A mountaintop challenge: Brasstown Valley Resort golf course in Georgia

From first tee to 18th green, Brasstown Valley Resort in Young Harris, Ga., is 6,957 grueling yards of undulating mountains in the background to the most immaculate greens - which are not as level as they look. There is a joke in there.

Brasstown Valley Resort Golf Course
Playing from mountaintop to valley and back, Brasstown Valley ends on a high with good views from the 18th green.
Brasstown Valley Resort Golf Course
If you go

The golf course plays from mountaintop down through a valley. There is a stop-off at the ninth (but no clubhouse). Your scorecard at this point - that is if you are a 14 handicap - will read, at minimum, 15 over.

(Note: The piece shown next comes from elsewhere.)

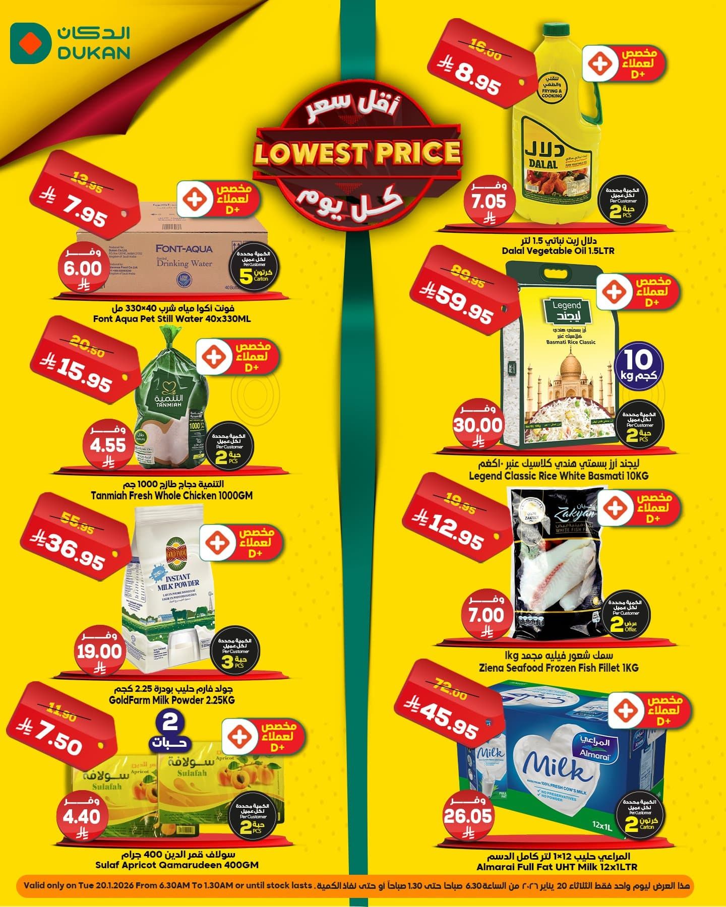 بنقدم ليكم احدث الدكان بتاريخ الثلاثاء 20 يناير 2026 الموافق 30 رجب 1447هـ و تحتوي علي تشكيلة من المنتجات الغذائية الاساسية منها الارز و زيوت الطعام و السكر و المجمدات و غيرها من المنتجات و بارخص الاسعار المناسبة للجميع تابعونا علي موقع عروض توداي ليصل اليكم كل جديد عن عروض

Well, now that you are warmed up and all is in control, let's go to No. 10. From there the course tends to get a tad unforgiving. It's nine holes back up to the mountaintop and your legs are getting a little tired - only a little. It's a great back nine. Think you will better your front nine? Think again.

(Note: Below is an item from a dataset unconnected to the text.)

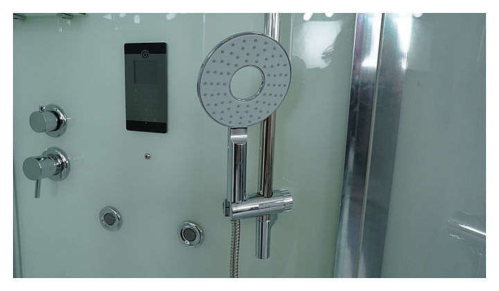 Душевая кабина TIMO Puro H-510 R предназначена для использования в ванных комнатах. Модель оснащена ручной лейкой, точечным гиромассажем, трёхрежимным смесителем, сифоном с гидрозатвором, хамамом, подсветкой, радио, озонированием, аромотерапией, хромотерапией и сигналом SOS. Наличие полки обеспечивает максимальный комфорт при приеме душа, размещая на ней необходимые мыльные принадлежности. Раздвижная конструкция позволяет экономить пространство и оптимальна для небольших помещений. Изделие выполнено из акрила, устойчивого к механическим повреждениям, обладающего небольшим весом и повышенной шумоизоляцией, профиль - из алюминия, ручки - из нержавеющей стали. Особенности:

There are seven steps up to the 19th hole after finishing. They really need an elevator. Food is great, bars are fun, staff is awesome.

Scott Murray
Hiawassee, Georgia

Reader Comments / Reviews Leave a comment
  • Kicked to the curb by Brasstown Valley Resort

    Jonathan Hoomes wrote on: Sep 27, 2010

    I was invited to attend a wedding in the area and since it was the same week as my anniversary, I wanted to surprise my wife with staying at what I thought was a nice resort. We drove from Birmingham on the day of the wedding and made good time. I called Brasstown Valley Resort at 2:00 pm to see if we could check in early since we were only 30 minutes away and had a couple of hours to kill. I was told that the room would not be ready until 4:00. Nothing else about the room or any problems was mentioned. I thought no big deal, and we headed off for the wedding. After the wedding, we arrived at the resort to check-in, but was told at the front desk that “the people who were in our room the prior night had yet to leave and legally there was nothing we could do to remove them.” The manager offered to pay for our stay at another hotel in the area or we could stay at Brasstown Valley Resort in a parlor room on a pull-out sofa. So five hours from home and with Brasstown Valley kicking me, my wife and our six-month-old son to the curb, we had no other choice but to take the room at another hotel. We arrived at this hotel and were welcomed to a room with a view over the hotel’s dumpster and a double bed. Happy Anniversary! When my credit card statement later arrived, of course, a charge for Brasstown Valley Resort was listed, which I am now disputing. I never stayed a night at Brasstown Valley Resort, but the nightmare continues.